Having and executing a cloud strategy on every enterprise IT team’s priority list in the coming year. 

Research from Gartner shows that the shift of enterprise IT spending to cloud-based alternatives is relentless, and 28% of spending within key enterprise IT markets will shift to the cloud by 2022. In 2018 we saw the cloud hosting 45% of workloads, a number that was expected to touch 60% in 2019. While we wait for the actual numbers to come in for 2020, the global cloud computing market is expected to grow to USD 623.3 billion by 2023.

The cloud has become the enterprises’ favorite child for some compelling reasons – cost efficiency, the avenues for increasing collaboration easily, the prospect of enabling mobility, improved disaster recovery capabilities, etc. Moving to the cloud needs methodical planning, especially as enterprise-wide distributed systems move towards the cloud because of the complexity and legacy they carry. 

Assessing your dependencies

A strategic cloud move has to begin with assessing and evaluating the dependencies that exist in your enterprise. One common misconception is that cloud migration is a one-time trip. Since cloud migration is about moving the enterprise data, applications, associated business elements, and workloads from an on-premise center to the cloud, this entire migration process has to happen gradually. 

The hallmark of a successful migration lies in its seamlessness – where work is not disrupted, and productivity is not interrupted. Having said that, it is essential to evaluate your existing set of dependencies and the gaps that emerge as hurdles in the cloud migration journey. 

What should move to the cloud-first?

Since not all applications are created equal, the non-critical and simpler enterprise applications should be the first movers to the cloud. Since these applications are not mission-critical, this stage can be used to evaluate the efficacy of the cloud service and decide what needs to work better. 

It is essential to point out that to make this move successful, it is imperative to:

  • Map out interdependencies between applications
  • Assess, evaluate, and understand the complexity and needs of these applications since different applications have different computing demands, maintenance needs, network and storage requirements, etc.
  • Evaluate how high the application stands on the ‘mission-critical’ list and choose applications that do not rank up high in the first stages of cloud migration

To re-architecture or to not re-architecture when moving enterprise systems to the cloud?

Re-architecting an entire application is time, resource, and cost-intensive.
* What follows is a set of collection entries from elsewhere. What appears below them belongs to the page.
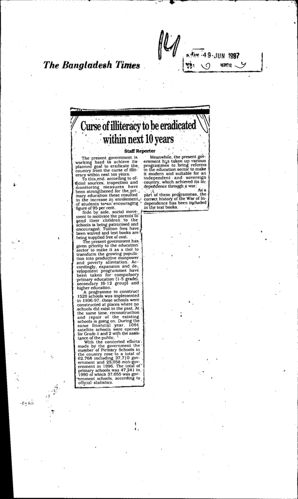 Curse of lilliteracy to be eadicated within next 10 years Published on Newspaper The Bangladesh Times Category General Education Download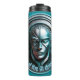 Um deslumbrante tumbler térmico de ficção científica com uma máscara de robô azul arrepiante com efeito metálico. O texto diz "Aumento do domínio do AI", mas você pode alterá-lo se quiser. É uma ponta na direção de como a inteligência artificial poderia levar a um futuro terrível onde as máquinas têm domínio sobre os humanos.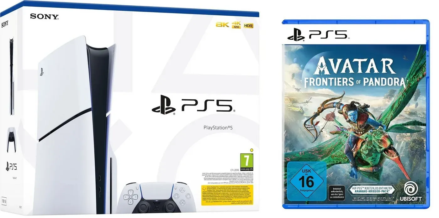 lieferbar-in 4-5 Werktagen bei dirSony Playstation PS5 Konsole Slim mit Avatar: Frontiers of Pandora Spiel 1TB (Bundle), Playstation 5 Console Laufwerk Disk weiß
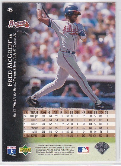N) 1995 Upper Deck Baseball Trading Card - Fred McGriff #45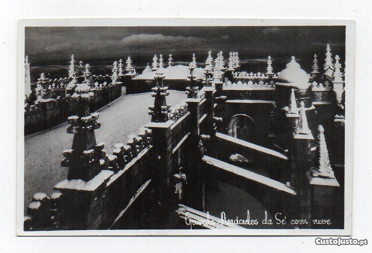Postal ilustrado. Postal fotográfico. Pináculos da Sé com neve.

However, there are legacy systems that require current modernizations to leverage the advantages of scalability, performance, or feature enhancements. Since these systems have different computing needs and can consume resources even when idle, they need to be optimized to leverage the breadth of advantages that the cloud provides. 
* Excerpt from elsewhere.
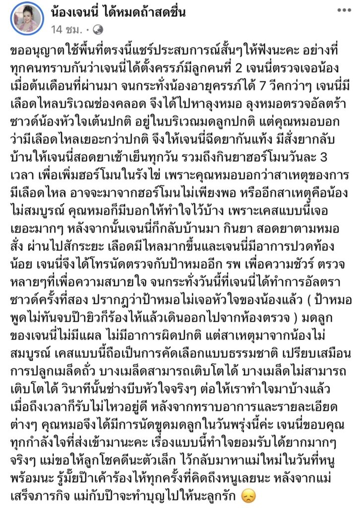 ขออนุญาตใช้พื้นที่ตรงนี้แชร์ประสบการณ์สั้นๆให้ฟังนะคะ อย่างที่ทุกคนทราบกันว่าเจนนี่ได้ตั้งครรภ์มีลูกคนที่ 2 เจนนี่ตรวจเจอน้องเมื่อต้นเดือนที่ผ่านมา จนกระทั่งน้องอายุครรภ์ได้ 7 วีคกว่าๆ เจนนี่มีเลือดไหลบริเวณช่องคลอด จึงได้ไปหาลุงหมอ ลุงหมอตรวจอัลตร้าซาวด์น้องหัวใจเต้นปกติ อยู่ในบริเวณมดลูกปกติ แต่คุณหมอบอกว่ามีเลือดไหลเยอะกว่าปกติ จึงให้เจนนี่ฉีดยากันแท้ง มีสั่งยากลับบ้านให้เจนนี่สอดยาเช้าเย็นทุกวัน รวมถึงกินยาฮอร์โมนวันละ 3 เวลา เพื่อเพิ่มฮอร์โมนในรังไข่ เพราะคุณหมอบอกว่าสาเหตุของการมีเลือดไหล อาจจะมาจากฮอร์โมนไม่เพียงพอ หรืออีกสาเหตุคือน้องไม่สมบูรณ์ คุณหมอก็มีบอกให้ทำใจไว้บ้าง เพราะเคสแบบนี้เจอเยอะมากๆ หลังจากนั้นเจนนี่ก็กลับบ้านมา กินยา สอดยาตามหมอสั่ง ผ่านไปสักระยะ เลือดมีไหลมากขึ้นและเจนนี่มีอาการปวดท้องน้อย เจนนี่จึงได้โทรนัดตรวจกับป้าหมออีก รพ เพื่อความชัวร์ ตรวจหลายๆที่เพื่อความสบายใจ จนกระทั่งวันนี้ที่เจนนี่ได้ทำการอัลตราซาวด์ครั้งที่สอง ปรากฎว่าป้าหมอไม่เจอหัวใจของน้องแล้ว ( ป้าหมอพูดไม่ทันจบป๊ายิวก็ร้องไห้แล้วเดินออกไปจากห้องตรวจ ) มดลูกของเจนนี่ไม่มีแผล ไม่มีอาการผิดปกติ แต่สาเหตุมาจากน้องไม่สมบูรณ์ เคสแบบนี้ถือเป็นการคัดเลือกแบบธรรมชาติ เปรียบเสมือนการปลูกเมล็ดถั่ว บางเมล็ดสามารถเติบโตได้ บางเมล็ดไม่สามารถเติบโตได้ วินาทีนั้นช่างบีบหัวใจจริงๆ ต่อให้เราทำใจมาบ้างแล้ว เมื่อถึงเวลาก็รับไม่ไหวอยู่ดี หลังจากทราบอาการและรายละเอียดต่างๆ คุณหมอจึงได้มีการนัดขูดมดลูกในวันพรุ่งนี้ค่ะ เจนนี่ขอบคุณทุกกำลังใจที่ส่งเข้ามานะคะ เรื่องแบบนี้ทำใจยอมรับได้ยากมากๆจริงๆ แม่ขอให้ลูกโชคดีนะตัวเล็ก ไว้กลับมาหาแม่ใหม่ในวันที่หนูพร้อมนะ รู้มั๊ยป๊าเค้าร้องไห้ทุกครั้งที่คิดถึงหนูเลยนะ หลังจากแม่เสร็จภารกิจ แม่กับป๊าจะทำบุญไปให้นะลูกรัก 😞

It is also a viable alternative to consider a feature-driven approach instead of completely re-architecting and migrating only those components that are critical to the business.

Optimize for the cloud

Taking a step-by-step approach to optimizing applications for the cloud is an organic way for enterprises to be cloud-ready. As applications become more cloud-optimized, they begin to take advantage of cloud features, which makes it easier to update and replicate them. 

In the case of a legacy system, this might also mean looking at this migration and optimization project from the lens of project management. Assessing which parts of the system need optimization, which parts to optimize first, which ones to refactor or re-architecture, the time duration needed for the same, understanding the business impact of any associated downtime, and ensuring that the same is minimal become foundational in designing the sprints for optimization. 

Using this methodical approach helps enterprises conveniently complete each sprint and move the necessary component to the cloud. Eventually, it is each sprint that takes the enterprise closer to being cloud-ready.

Moving enterprise systems to the cloud successfully is thus, all about taking a well-designed approach that takes into account all potential challenges, roadblocks, possibilities, points of failure, etc., and having the domain knowledge to understand how each cog contributes to the entire business outcome.